Pubblicato il 13/02/2023 14:26 - Aggiornato il 16/02/2023 09:32

Purtroppo e’ vero, ben presto le nostre amate e sudate case, non varranno piu’ nulla, e questo a causa della cosiddetta direttiva europea sulle case ecologiche, le case green. Infatti pochi giorni fa il Parlamento Europero ha approvato il primo step normativo della riforma sulle case green, riforma che imporra’ che dal 2023 tutti gli immobili dovranno essere adeguati in classe energetica E, e dal 2033 addirittura in classe D. Il tutto senza distinzione di categoria, zona, ma soprattutto senza distinzione fra immobili singoli od in condominio.

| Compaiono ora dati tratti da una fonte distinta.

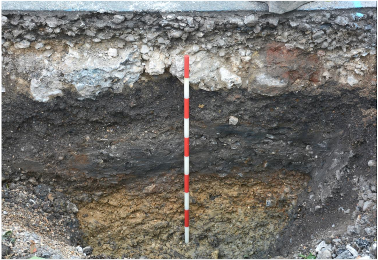
Fig.4: Detail of the northwest section of the trench showing natural silty gravel overlain by (1m scale)
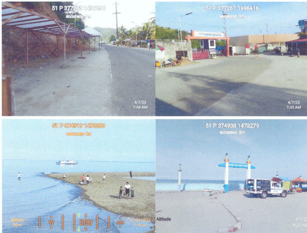
Temporary cancellation of trips in Balanacan and Gasan Port – April 07, 2023
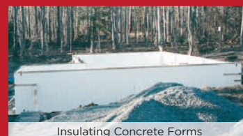
Insulating Concrete Forms
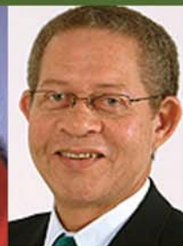
Hon. Bruce Golding Leader of the Opposition Jamaica Labour Party (JLP)
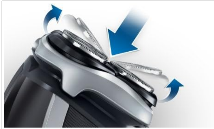
Image: Close-up of the shaver head demonstrating its flexing capability to adapt to facial contours.
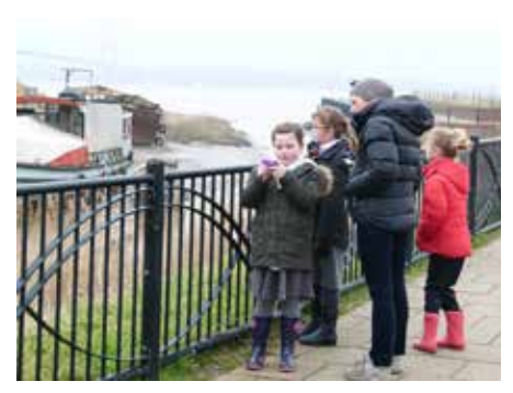
Fig 2: Walking and photographing the local landscape
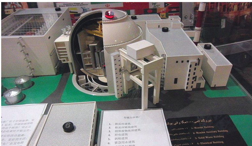
A model of the Bushehr Nuclear Power Plant, exhibited in the Iranian pavilion of EXPO 2010 in Shanghai. The map shows the location of Bushehr.

Iran made a commitment to full use of nuclear power in 1970. The German firm Kraftwerk Union AG signed an agreement to build two nuclear plants at Bushehr in 1975, and withdrew in 1979, when both plants were partly completed. Reportedly, Germany was pressured by the United States to withdraw. During the Iran-Iraq war, 1984-1988, the Iraqis damaged the plant site in air strikes. Bushehr I was completed with Russian assistance in September 2011.
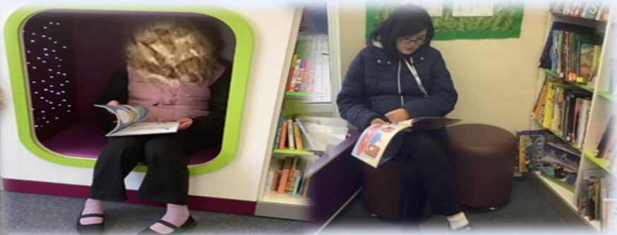
Community Visit: Polesworth Library

Tuesday afternoon's sixth form community visit group had a warm welcome from staff at Polesworth library. The students had a fantastic time looking through books and maps and then they chose a book which they had to scan before they could borrow and bring back to school.
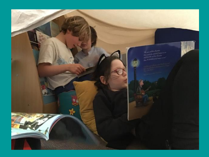
5 - Reading in the reading den
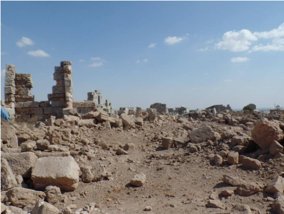
Severe and extensive damage to the archaeological park.
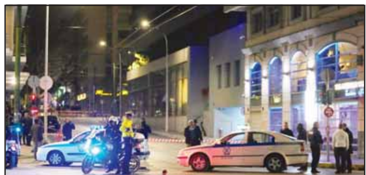
Policemen close the road after a suspected bomb explosion outside of the Hellenic Train offices the company that runs Greece's railway, (the second building on the right), in Athens, Greece on April 11. (AP)

ATHENS, Greece, April 12, (AP): A bomb planted near the offices of Hellenic Train, Greece's main railway company, exploded Friday night in a busy district of central Athens, authorities said. There were no reports of injuries. The explosion comes amid widespread public anger over a 2023 railway disaster, Greece's worst, in which 57 people were killed and dozens more injured when a freight train and a passenger train heading in opposite directions were accidentally put on the same track. Local media said a newspaper and a news website had received an anonymous call shortly before Friday's blast, with the caller warning that a bomb had been planted outside the railway company offices and would explode within about 40 minutes. In a statement, Hellenic Train said the explosion had occurred "very close
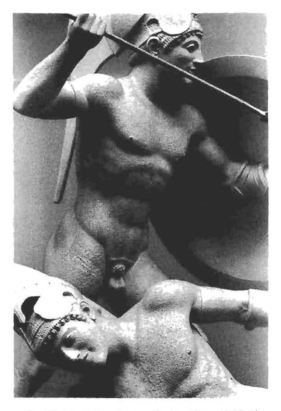
figure 2.5 Aegina. Pedimental sculpture. Von Klenze's Glyptotek, Munich
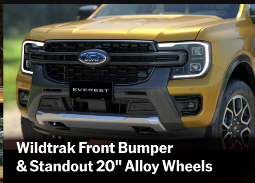
Wildtrak Front Bumper & Standout 20" Alloy Wheels
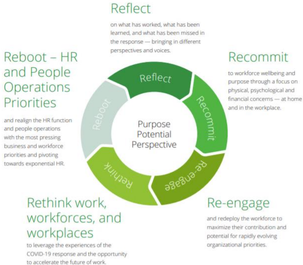
Figure 1. Deloitte
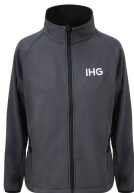
Ladies' Soft Shell Jacket - Grey

Trousers are delivered unhemmed (36" length) with wonderweb pack to finish to your required length
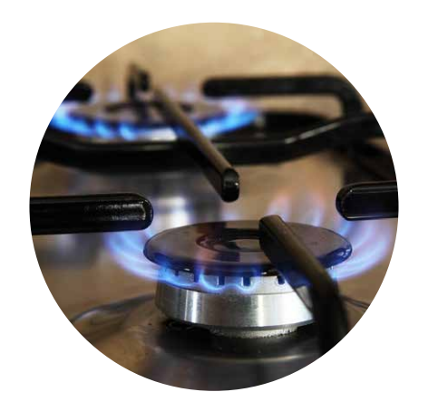
Natural gas is found in reservoirs trapped within the earth.

Per l’Italia parlando di almeno il 60 % del patrimonio immobiliare, pubblico e privato.

E la cosa piu’ grave e’ che questi adeguamenti sono molto complessi sia in termini di opere che, soprattutto di costi, costi che nemmeno sono previsti in eventuali agevolazioni, ma sono comunque obbligatori perche’ da quanto sembra dalle prime stesure normative, incideranno sull’abitabilita’ e l’agibilita’ degli immobili, e quindi non solo sulla possibilita’ di venderli od affittarli, ma anche solamente di abitarli. Basti pensare che allo stato attuale sta girando una bozza che prevede la concessione della residenza e delle utenze sulla base della certificazione energetica.

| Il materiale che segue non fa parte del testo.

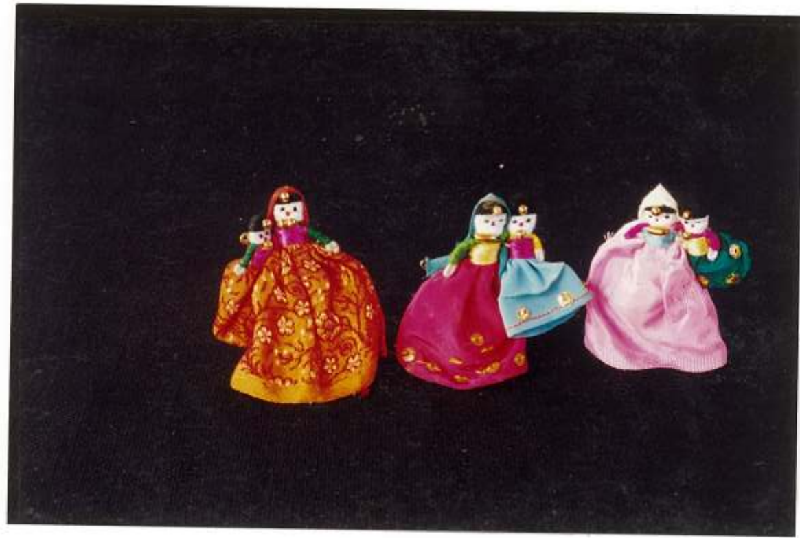
BROACH : MOTHER & CHILD
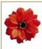
D. 'Bishop of Llandaff'

Fully double blooms showing no disc. The ray florets are generally broad and flat, or slightly twisted and usually bluntly pointed, and may be involute for no more than 75% of their length.
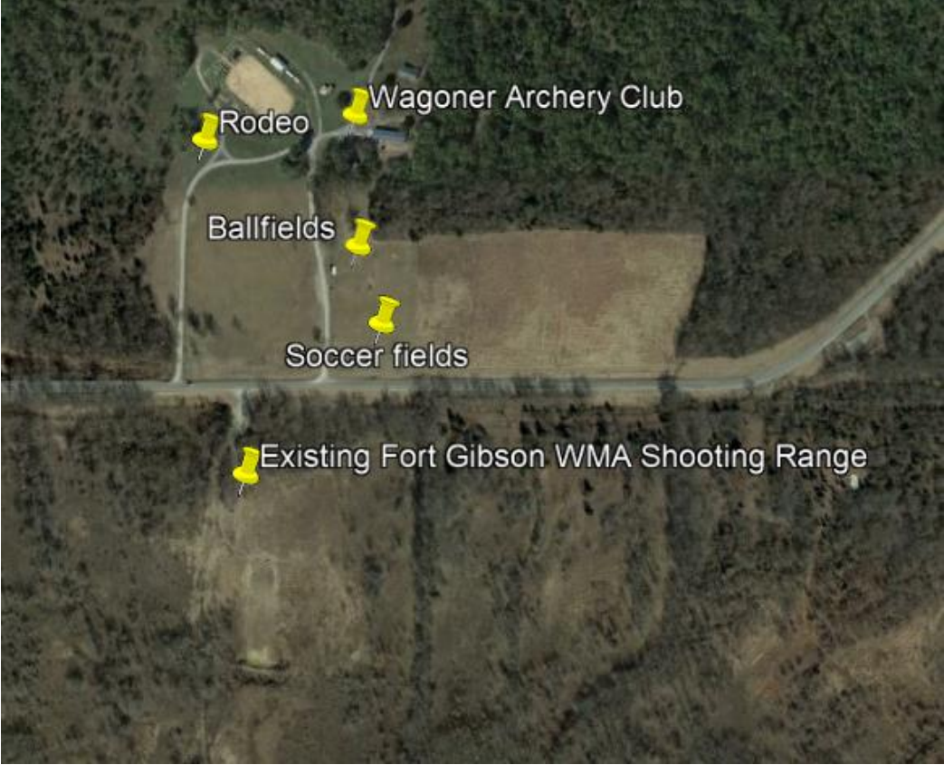
Preliminary Layout at Proposed New Range Location:
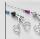
Two handles - multiple options
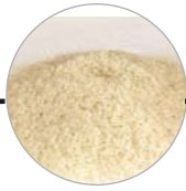
Dr. Bio Polymers
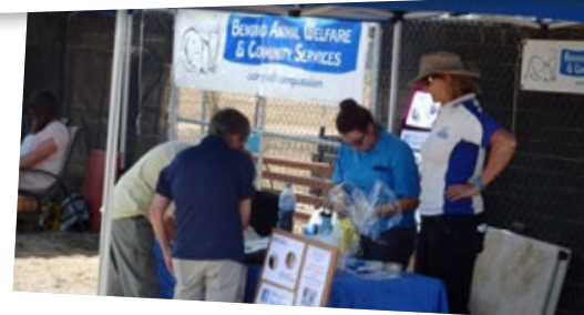
Volunteers at the BAWCS open day.
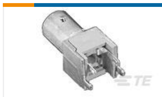
TE Part #6274314-1 BNC JACK VERTICAL SWITCHING, PCB
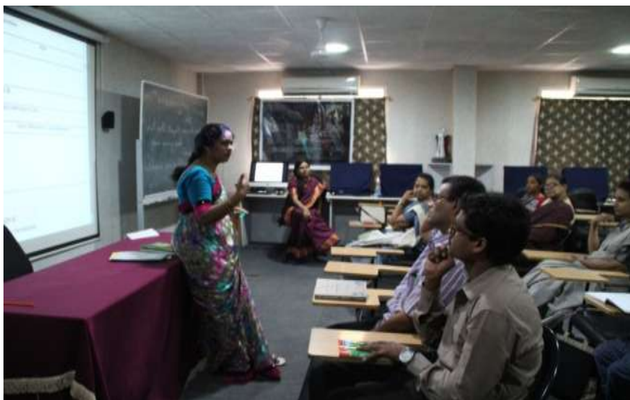
New faculty orientation: 5 Jun 2016

As a step towards inviting the newly recruited faculty and helping them understand the working system of the institution, the IQAC conducts New faculty orientation on 05 June, 2016 to give them an overview of the activities and responsibilities to be taken up as a faculty of the institution related to teaching-learning, examinations, student support and governance. This helps them to understand the work culture and also be familiarized with the faculty at college level and departmental level.
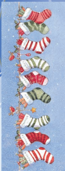
9 Stockings 86mm x 228mm 10 pack for £3.25 "Wishing you a Merry Christmas and a Happy New Year"
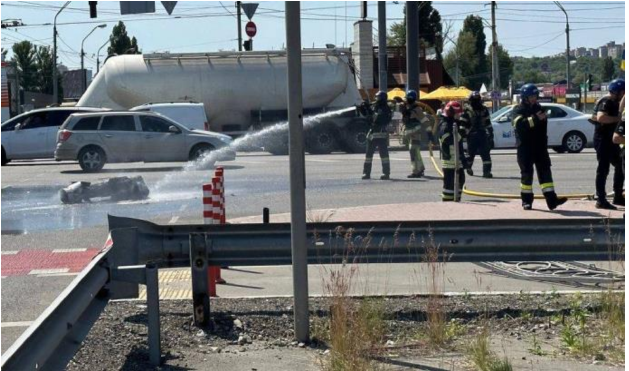
ru s sian attack on Kyiv on May 29: missile wreckage falls in two city districts, one person injured
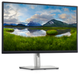
Dell 27 Monitor - P2723D

Stay focused on a 27-inch QHD monitor optimized to deliver high performance details and clarity.
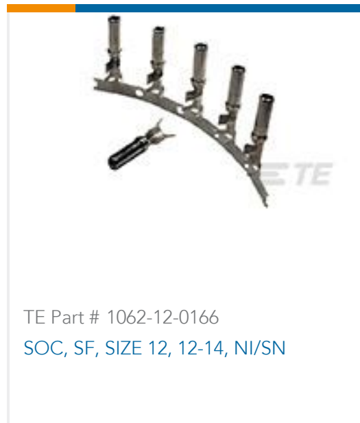
TE Part # 1062-12-0166 SOC, SF, SIZE 12, 12-14, NI/SN

Questa norma, che e’ stata studiata secondo modelli urbanistici ed edilizi in voga nei paesi del nord ed anglosassoni, ed e’ legata al concetto di abbattimento e ricostruzione di interi quartieri, con enormi guadagni per le multinazionali delle costruzioni, non tiene minimamante conto del tessuto urbano, delle abitudini e soprattutto della storia del patrimonio immobiliare dei paesi come l’italia. Infatti, a differenza dei paesi nordici ed anglosassoni, dove gli immobili sono per l’80% detenuti in locazione e non hanno particolari vincoli storici o di tipologia costruttiva, in Italia e nei paesi mediterranei europei, il tessuto urbano, specialmente quello dei centri storici, e quindi quello piu’ valutato commercialmente, e’ nella maggioranza dei casi costituito da edifici storici, vincolati e con caratteristiche tali da rendere quasi impossibile un efficientamento energetico profondo senza pesanti modifiche, alcune delle quali inattuabili, e peraltro inutili date le condizioni climatiche nettamente piu’ favorevoli rispetto ai paesi del nord europa.

Ma di questo al legislatore europeo nulla importa, preso come e’ nel suo olimpo di formule, formulette ed ipotetici modelli il cui unico scopo e’, come recentemente dimostrato dai recenti scandali, solo ed unicamente quello di fare lobbysmo negativo per far arricchire i pochi gruppi dominanti. Ne sono esempio i grilli da mangiare,  le auto da sostituire forzosamente, l’introduzione del FAP sui motori diesel nei primi ani 2000, che faceva fondre i motori stessi, in cambio di un successivamente accertano maggior carico di polveri inquinanti da smaltire. Questa degli immobili e’ dunque l’ennesima truffa che questa cupola di euromalfattori vuole propinarci. Dobbiamo opporci con ogni mezzo, l’alternativa e’ andare a vivere in roulotte o sotto i ponti. 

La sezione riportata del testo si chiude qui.